She's no stranger to these pages, and she hasn't touched the tarmac even once since she set flight as a content creator, leaving us enchanted time and again with her steampunk imaginings and sculptural story-telling. Now Bryn Oh has begun her own blog, and in one of her inaugural posts she lists some of her favorite characters in Second Life®.
Oh boy... *rubs palms together and grins.* Bryn, to your great list I would add these names, which I jotted down in under two minutes. In no particular order...
Gazira Babeli
Tooter Claxton
Truthseeker Young
Orhalla Zander
Arcadia Asylum
Molotov Alva
Blaccard Burks
Hamlet Au
Andrek Lowell
Ordinal Malaprop
Komuso Tokugawa
Tuna Oddfellow
Flea Bussy
Chance Abattoir
Naxos Loon
Spiral Walcher
Adam Ramona
Sabine Stonebender
thomtrance Otoole
(of course, this list is quite, quite incomplete)

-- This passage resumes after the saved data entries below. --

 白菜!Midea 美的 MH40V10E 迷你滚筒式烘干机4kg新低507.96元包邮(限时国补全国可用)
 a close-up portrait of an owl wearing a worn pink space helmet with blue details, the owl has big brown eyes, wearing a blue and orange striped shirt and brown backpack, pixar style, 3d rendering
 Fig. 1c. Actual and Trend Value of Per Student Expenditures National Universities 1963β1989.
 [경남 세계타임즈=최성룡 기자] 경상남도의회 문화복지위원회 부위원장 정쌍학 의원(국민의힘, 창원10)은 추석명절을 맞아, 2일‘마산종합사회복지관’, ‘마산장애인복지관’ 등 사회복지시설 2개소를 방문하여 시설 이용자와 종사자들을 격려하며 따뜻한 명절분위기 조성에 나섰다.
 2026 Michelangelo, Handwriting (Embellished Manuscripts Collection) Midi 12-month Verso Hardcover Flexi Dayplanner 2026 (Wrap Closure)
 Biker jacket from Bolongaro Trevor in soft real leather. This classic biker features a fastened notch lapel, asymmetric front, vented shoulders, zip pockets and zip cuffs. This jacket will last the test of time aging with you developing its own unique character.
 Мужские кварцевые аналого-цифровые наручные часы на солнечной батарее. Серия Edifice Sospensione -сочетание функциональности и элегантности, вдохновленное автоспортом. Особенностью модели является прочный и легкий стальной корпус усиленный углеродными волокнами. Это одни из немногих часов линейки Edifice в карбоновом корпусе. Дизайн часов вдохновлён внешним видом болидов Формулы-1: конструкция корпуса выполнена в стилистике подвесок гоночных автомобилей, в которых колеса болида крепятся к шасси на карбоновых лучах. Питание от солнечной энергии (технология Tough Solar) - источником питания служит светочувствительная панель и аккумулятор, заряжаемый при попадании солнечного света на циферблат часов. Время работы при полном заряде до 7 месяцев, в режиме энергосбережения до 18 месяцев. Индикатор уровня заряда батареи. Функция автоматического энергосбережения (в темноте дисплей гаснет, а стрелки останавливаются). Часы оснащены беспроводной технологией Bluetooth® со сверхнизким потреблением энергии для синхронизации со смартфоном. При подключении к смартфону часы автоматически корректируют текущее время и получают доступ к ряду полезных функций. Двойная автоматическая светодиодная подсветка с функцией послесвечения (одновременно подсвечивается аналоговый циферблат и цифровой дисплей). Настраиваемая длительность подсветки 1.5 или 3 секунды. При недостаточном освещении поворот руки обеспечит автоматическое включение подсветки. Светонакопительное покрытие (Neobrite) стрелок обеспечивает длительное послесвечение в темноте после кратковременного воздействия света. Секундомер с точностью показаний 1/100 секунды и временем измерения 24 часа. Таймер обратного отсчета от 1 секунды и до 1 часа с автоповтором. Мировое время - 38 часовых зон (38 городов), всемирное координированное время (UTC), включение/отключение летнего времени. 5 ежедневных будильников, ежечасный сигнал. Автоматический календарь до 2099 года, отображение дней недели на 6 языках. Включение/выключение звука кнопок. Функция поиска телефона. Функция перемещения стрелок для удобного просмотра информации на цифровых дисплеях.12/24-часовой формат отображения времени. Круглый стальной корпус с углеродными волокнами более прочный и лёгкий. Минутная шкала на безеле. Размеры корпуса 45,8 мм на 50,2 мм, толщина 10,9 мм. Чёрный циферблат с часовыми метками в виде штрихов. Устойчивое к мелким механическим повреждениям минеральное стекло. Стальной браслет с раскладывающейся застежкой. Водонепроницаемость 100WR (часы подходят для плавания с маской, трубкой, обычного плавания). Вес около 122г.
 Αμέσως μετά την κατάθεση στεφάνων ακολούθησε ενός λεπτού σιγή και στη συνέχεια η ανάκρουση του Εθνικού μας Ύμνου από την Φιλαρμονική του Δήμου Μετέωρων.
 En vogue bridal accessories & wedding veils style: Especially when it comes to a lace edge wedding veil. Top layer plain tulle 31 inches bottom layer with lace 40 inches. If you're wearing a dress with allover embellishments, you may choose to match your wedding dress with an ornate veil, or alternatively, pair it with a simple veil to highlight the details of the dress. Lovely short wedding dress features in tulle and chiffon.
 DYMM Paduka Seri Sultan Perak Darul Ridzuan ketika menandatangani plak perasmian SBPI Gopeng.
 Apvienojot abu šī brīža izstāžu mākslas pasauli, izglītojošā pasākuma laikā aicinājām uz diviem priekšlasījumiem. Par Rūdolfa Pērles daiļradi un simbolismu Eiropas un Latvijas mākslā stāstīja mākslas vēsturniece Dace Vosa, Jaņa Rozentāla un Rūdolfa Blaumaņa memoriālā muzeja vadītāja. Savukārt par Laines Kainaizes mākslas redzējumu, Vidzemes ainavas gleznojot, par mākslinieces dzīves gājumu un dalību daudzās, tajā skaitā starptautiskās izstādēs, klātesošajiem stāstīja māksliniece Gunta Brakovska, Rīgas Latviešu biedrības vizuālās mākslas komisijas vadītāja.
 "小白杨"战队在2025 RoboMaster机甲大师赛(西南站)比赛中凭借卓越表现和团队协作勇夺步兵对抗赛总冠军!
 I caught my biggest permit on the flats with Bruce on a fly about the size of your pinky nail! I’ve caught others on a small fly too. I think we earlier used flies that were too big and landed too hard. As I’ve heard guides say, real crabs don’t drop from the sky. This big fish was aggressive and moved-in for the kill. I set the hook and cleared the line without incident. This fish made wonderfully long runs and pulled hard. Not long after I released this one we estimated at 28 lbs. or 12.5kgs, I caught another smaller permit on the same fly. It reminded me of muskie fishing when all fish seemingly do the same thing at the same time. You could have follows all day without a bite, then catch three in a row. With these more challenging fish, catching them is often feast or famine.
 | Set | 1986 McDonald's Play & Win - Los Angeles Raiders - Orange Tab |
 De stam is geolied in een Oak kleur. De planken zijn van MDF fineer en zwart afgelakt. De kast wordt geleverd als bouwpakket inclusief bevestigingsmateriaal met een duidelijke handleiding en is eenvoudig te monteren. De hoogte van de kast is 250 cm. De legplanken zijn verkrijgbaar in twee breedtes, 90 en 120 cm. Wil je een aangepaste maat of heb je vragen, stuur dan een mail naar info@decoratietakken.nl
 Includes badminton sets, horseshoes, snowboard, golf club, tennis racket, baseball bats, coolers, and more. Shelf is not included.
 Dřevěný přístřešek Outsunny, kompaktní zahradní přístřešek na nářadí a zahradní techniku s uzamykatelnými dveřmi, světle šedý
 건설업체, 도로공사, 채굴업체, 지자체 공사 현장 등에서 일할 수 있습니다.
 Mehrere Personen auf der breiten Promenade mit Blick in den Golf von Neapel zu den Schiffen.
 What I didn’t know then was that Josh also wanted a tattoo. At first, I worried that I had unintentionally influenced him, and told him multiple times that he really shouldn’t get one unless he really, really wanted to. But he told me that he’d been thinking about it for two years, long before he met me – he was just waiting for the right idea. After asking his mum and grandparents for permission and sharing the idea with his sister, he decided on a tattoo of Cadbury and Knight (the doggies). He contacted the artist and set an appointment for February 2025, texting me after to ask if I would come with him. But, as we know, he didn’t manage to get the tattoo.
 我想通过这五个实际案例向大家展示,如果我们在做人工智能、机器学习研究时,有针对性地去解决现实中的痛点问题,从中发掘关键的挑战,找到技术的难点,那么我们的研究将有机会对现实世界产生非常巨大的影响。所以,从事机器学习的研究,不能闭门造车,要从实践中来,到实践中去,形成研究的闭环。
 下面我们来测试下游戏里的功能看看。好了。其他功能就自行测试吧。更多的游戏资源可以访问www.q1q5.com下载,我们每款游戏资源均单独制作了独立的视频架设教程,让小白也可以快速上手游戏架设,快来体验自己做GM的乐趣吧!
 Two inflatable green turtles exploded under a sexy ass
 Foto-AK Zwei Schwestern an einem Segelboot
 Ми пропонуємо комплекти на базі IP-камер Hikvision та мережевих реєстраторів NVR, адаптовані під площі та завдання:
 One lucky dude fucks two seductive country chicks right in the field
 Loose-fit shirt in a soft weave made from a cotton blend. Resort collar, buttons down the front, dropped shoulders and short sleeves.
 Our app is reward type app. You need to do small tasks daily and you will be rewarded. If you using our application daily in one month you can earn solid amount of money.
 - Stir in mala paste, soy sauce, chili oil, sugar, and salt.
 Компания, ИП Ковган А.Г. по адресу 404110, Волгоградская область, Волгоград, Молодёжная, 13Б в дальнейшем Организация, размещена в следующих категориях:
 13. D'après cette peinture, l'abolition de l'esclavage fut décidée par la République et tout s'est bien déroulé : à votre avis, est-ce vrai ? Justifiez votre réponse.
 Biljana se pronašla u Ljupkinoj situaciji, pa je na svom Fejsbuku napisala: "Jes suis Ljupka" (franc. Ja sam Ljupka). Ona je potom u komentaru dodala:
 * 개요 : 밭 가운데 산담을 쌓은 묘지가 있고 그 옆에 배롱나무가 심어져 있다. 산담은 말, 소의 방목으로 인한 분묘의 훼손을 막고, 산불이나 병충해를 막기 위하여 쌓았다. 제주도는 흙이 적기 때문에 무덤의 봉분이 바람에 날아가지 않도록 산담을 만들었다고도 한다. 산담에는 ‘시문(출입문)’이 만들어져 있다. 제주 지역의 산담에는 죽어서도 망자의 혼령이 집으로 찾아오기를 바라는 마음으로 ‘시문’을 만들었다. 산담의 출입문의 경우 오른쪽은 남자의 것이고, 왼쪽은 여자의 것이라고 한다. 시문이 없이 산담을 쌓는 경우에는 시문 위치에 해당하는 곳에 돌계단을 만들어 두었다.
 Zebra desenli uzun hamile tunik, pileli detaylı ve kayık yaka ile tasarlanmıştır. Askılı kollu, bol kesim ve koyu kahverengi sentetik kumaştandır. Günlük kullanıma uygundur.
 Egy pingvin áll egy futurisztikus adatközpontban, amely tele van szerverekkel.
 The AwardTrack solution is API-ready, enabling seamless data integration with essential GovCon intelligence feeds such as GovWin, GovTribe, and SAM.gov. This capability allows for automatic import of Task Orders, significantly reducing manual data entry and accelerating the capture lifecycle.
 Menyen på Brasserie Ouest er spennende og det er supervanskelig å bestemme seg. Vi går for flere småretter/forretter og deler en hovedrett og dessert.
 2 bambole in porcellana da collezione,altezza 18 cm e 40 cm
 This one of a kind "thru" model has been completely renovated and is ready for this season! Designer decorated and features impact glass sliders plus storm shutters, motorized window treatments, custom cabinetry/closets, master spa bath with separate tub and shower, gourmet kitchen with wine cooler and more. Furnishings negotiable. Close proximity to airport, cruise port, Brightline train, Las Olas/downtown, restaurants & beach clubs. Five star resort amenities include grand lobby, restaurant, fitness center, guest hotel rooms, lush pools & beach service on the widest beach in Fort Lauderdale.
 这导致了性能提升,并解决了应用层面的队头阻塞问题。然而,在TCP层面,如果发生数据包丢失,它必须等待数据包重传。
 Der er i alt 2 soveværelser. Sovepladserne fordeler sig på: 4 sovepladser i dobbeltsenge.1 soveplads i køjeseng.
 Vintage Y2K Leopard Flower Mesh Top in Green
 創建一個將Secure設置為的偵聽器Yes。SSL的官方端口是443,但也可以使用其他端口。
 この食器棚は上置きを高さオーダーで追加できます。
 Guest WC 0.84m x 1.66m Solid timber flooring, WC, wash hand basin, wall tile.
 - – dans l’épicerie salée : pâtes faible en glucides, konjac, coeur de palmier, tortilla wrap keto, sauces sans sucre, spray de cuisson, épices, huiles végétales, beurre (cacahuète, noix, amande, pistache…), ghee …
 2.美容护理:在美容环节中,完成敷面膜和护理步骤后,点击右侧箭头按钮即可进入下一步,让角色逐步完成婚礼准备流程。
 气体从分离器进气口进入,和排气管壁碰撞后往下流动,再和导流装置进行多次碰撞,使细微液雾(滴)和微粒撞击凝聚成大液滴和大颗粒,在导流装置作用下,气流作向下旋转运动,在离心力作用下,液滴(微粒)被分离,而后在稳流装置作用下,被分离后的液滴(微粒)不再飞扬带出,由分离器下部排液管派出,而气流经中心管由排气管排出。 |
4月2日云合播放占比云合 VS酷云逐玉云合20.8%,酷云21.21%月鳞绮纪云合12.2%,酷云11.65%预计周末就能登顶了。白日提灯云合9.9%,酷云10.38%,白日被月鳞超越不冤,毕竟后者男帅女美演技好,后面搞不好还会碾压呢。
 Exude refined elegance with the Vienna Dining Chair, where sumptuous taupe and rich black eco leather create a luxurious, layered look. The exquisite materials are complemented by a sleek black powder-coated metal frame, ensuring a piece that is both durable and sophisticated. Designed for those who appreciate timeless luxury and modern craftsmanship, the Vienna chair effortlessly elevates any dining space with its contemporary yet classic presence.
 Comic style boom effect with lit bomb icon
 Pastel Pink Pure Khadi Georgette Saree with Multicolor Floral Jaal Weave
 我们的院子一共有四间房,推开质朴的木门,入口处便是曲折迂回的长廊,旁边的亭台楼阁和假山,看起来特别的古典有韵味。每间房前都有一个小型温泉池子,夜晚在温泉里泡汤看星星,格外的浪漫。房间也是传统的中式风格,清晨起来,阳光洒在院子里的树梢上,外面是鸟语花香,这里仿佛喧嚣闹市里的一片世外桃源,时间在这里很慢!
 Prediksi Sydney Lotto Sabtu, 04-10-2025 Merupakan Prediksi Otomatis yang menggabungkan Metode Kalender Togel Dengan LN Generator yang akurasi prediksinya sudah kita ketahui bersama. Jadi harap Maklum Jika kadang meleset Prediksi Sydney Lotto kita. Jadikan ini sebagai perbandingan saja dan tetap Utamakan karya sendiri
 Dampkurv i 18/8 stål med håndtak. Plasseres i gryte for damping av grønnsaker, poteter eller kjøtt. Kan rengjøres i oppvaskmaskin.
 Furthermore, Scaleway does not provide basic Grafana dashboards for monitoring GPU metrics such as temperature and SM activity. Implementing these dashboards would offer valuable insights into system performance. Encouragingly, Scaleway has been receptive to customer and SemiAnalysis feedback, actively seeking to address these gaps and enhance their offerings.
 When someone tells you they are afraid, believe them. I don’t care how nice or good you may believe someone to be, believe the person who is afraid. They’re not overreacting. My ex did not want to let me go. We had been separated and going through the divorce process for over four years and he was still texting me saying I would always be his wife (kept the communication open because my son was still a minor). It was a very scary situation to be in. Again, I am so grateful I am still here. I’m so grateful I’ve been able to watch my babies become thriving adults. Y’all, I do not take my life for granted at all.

What do all these people have in common? One look at them makes me smile. Their avatar is instantly recognizable. They rarely change much (though Flea is certainly an exception to this rule and Tooter's not far behind). Tooter, we miss you! Hurry home! And yes, they are all certifiable characters in Second Life.
And Bryn, welcome to the madcap world of blogging! Here are some interesting stats about blogging in the U.S...
According to Blog World Expo:
- Over 12 million American adults currently maintain a blog.
- More than 147 million Americans use the Internet.
- Over 57 million Americans read blogs.
- 1.7 million American adults list "making money" as one of the reasons they blog.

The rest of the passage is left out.